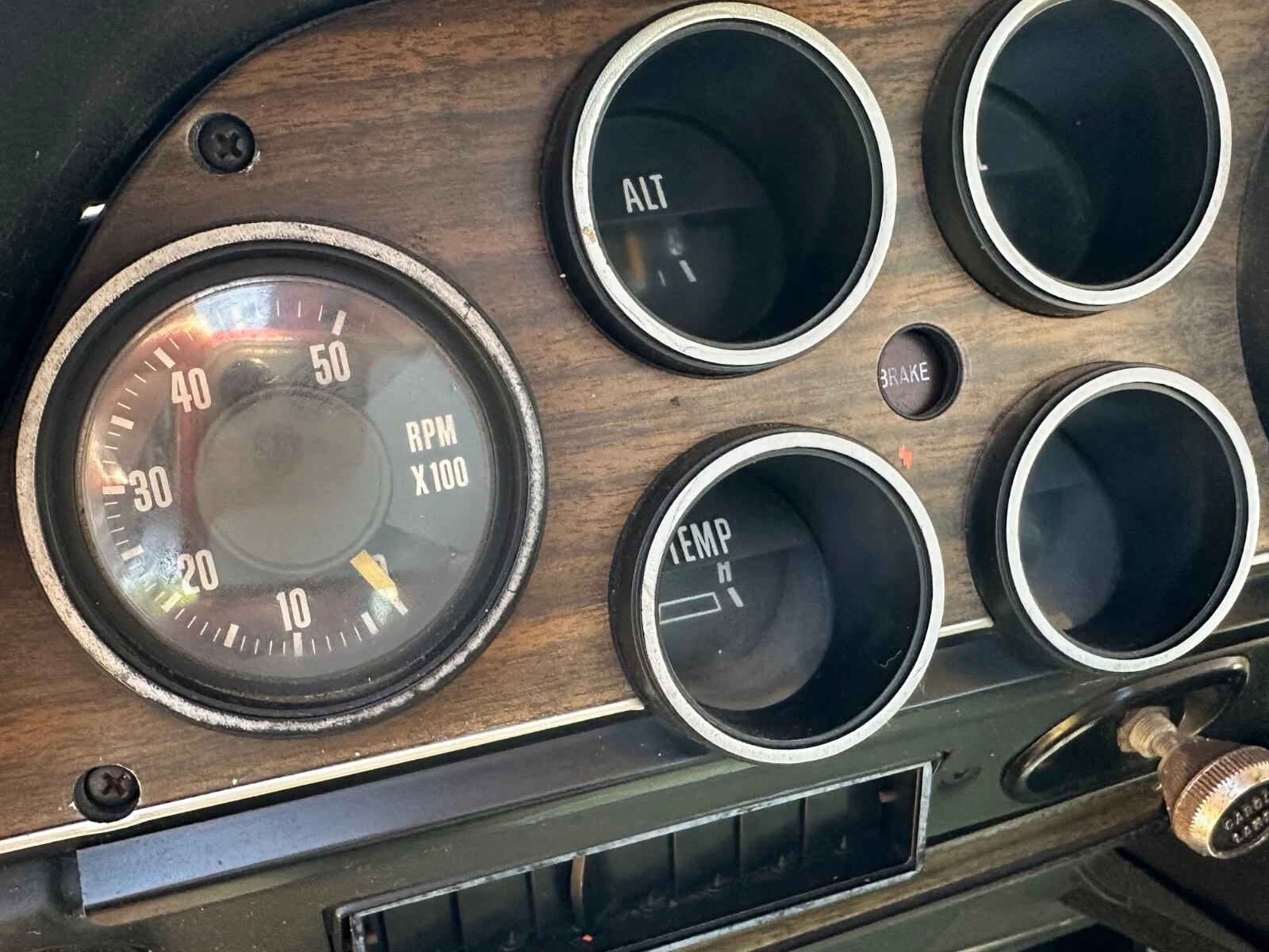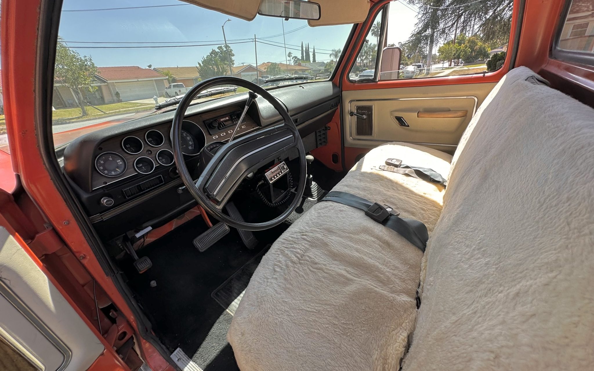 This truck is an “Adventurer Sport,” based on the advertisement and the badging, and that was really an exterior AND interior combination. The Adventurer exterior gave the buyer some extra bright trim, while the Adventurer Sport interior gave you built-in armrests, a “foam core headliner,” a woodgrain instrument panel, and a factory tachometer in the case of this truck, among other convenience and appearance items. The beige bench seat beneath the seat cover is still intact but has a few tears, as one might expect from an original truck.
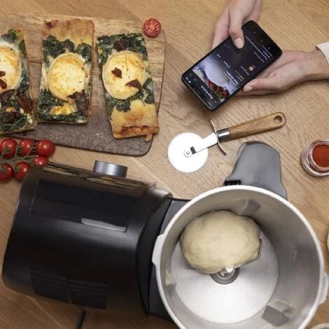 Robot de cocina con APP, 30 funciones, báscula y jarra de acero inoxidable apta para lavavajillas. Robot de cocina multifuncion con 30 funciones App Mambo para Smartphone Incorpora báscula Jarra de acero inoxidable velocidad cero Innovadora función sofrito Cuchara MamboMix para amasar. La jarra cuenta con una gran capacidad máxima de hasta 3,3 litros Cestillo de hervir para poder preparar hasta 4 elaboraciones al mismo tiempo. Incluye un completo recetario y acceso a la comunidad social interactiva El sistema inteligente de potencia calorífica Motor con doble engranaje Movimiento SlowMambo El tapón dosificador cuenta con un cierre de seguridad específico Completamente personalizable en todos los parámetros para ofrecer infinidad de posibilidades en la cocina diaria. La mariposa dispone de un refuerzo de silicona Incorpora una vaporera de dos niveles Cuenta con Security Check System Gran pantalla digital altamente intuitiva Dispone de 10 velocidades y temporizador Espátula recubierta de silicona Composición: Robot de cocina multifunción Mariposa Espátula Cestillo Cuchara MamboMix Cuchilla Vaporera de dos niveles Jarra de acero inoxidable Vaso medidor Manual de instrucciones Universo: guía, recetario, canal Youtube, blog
+ + +
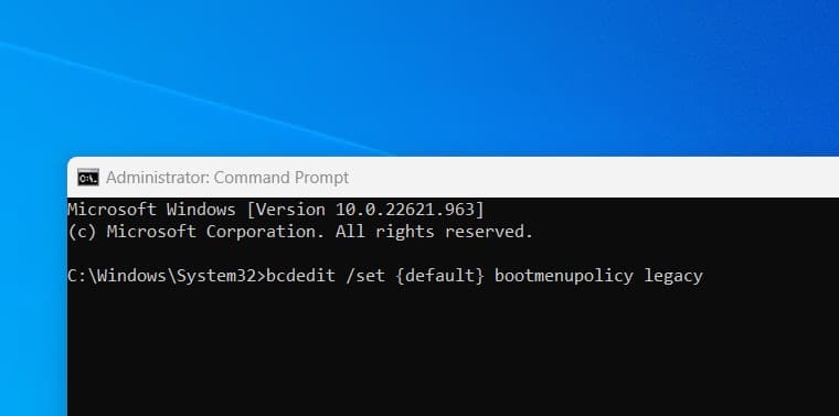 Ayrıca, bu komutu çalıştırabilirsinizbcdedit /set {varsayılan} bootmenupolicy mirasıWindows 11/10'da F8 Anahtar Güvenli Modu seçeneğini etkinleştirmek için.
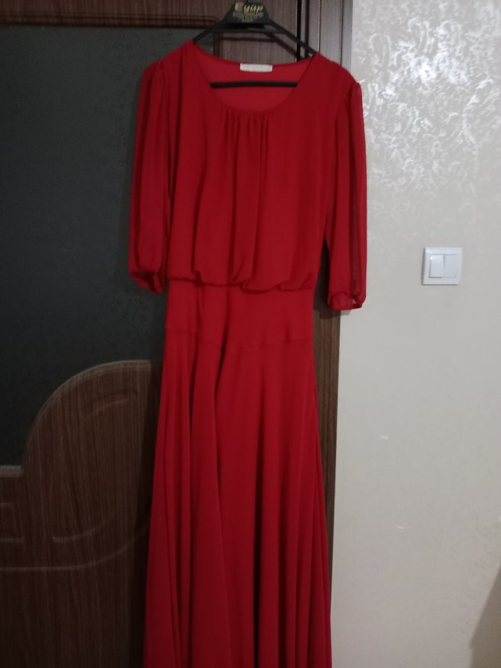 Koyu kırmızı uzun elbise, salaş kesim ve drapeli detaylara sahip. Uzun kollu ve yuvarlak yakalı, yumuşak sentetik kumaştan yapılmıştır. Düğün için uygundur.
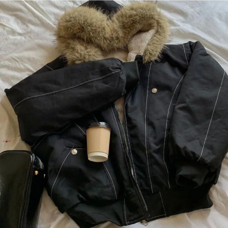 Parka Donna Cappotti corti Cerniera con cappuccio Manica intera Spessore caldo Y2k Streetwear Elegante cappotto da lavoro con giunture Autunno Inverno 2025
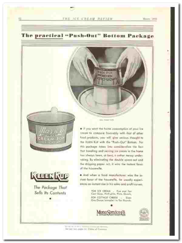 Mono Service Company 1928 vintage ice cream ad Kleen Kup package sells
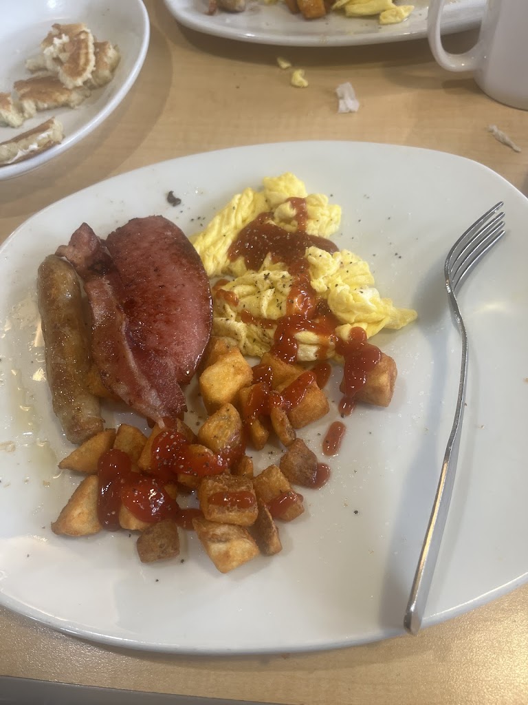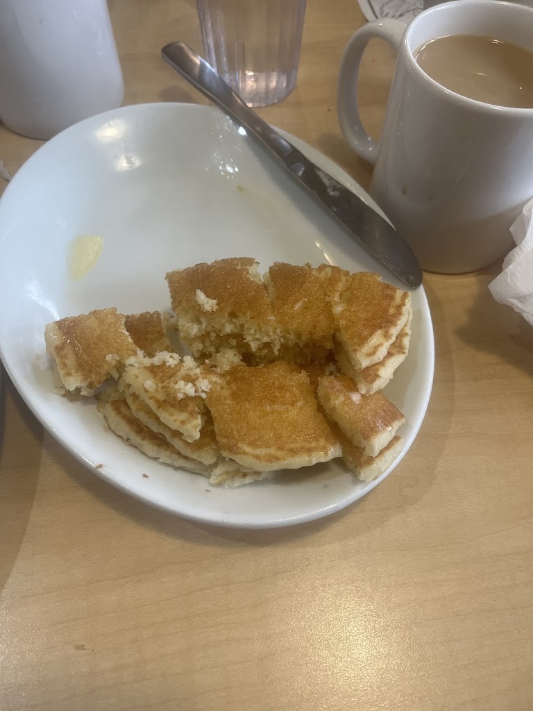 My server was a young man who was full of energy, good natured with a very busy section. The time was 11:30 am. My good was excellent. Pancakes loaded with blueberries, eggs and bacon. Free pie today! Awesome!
+ + +
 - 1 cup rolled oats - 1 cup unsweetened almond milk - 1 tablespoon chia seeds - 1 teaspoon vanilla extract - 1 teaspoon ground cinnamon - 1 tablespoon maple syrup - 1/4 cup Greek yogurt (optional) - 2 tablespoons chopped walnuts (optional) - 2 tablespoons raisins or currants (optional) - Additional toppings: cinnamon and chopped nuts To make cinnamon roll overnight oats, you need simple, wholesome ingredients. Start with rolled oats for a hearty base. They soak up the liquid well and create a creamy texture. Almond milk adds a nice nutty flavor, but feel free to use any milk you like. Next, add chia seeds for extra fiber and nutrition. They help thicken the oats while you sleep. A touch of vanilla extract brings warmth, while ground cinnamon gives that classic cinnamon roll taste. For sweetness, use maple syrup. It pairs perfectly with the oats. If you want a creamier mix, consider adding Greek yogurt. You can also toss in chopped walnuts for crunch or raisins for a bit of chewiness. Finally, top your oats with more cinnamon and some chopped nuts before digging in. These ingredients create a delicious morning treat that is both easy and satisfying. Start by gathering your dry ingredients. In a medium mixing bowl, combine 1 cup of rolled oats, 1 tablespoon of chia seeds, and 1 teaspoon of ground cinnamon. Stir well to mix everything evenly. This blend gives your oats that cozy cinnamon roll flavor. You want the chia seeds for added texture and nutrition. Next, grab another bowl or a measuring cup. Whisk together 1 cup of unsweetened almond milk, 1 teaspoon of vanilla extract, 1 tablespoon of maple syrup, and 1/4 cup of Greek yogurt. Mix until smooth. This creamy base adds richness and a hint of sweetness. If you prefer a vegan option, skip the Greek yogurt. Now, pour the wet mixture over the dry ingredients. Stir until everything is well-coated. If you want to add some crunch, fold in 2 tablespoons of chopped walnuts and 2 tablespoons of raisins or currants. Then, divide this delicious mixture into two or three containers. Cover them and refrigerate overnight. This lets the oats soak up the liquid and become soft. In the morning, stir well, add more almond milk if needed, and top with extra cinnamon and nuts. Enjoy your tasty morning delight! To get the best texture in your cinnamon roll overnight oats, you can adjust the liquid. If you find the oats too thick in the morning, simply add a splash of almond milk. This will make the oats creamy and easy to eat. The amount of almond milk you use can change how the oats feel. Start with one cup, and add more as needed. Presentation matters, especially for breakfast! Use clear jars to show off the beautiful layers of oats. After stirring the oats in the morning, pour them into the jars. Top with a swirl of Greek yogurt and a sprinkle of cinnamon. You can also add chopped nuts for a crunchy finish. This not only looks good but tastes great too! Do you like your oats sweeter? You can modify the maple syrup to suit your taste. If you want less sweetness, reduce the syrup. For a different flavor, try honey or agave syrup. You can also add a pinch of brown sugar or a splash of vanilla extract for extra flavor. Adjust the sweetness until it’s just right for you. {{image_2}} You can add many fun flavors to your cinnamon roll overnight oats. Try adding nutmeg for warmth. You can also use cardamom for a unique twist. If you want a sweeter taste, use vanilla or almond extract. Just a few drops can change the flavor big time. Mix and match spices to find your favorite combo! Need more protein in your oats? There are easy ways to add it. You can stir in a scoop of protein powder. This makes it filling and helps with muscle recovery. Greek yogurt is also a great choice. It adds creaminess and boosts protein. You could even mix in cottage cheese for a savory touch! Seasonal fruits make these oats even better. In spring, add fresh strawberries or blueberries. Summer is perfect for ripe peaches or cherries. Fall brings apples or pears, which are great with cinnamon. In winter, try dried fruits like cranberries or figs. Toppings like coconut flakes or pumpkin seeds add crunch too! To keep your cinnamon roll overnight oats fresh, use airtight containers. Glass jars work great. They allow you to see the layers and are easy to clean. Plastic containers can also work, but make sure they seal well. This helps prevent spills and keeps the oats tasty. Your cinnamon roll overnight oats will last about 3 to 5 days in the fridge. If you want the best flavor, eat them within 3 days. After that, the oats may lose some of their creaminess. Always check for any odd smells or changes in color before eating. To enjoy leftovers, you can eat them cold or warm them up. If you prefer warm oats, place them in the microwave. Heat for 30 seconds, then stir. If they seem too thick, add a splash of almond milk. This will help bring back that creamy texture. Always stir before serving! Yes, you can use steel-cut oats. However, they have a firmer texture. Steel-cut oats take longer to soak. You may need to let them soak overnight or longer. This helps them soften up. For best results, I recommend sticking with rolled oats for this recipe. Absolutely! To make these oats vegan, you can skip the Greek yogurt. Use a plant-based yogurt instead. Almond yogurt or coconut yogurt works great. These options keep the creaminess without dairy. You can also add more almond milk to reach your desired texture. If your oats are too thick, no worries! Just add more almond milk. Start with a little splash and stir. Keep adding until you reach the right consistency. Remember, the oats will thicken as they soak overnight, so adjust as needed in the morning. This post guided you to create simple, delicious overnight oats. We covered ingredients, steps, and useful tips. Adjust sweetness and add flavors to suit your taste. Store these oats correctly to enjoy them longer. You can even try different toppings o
+ + +
Print an exact copy of the lines above, from the one containing "Koyu kırmızı uzun" through the one containing "My server was", and leave out the pictures.

=== TASK OUTPUT ===
 Koyu kırmızı uzun elbise, salaş kesim ve drapeli detaylara sahip. Uzun kollu ve yuvarlak yakalı, yumuşak sentetik kumaştan yapılmıştır. Düğün için uygundur.
 Parka Donna Cappotti corti Cerniera con cappuccio Manica intera Spessore caldo Y2k Streetwear Elegante cappotto da lavoro con giunture Autunno Inverno 2025
 Mono Service Company 1928 vintage ice cream ad Kleen Kup package sells
 My server was a young man who was full of energy, good natured with a very busy section. The time was 11:30 am. My good was excellent. Pancakes loaded with blueberries, eggs and bacon. Free pie today! Awesome!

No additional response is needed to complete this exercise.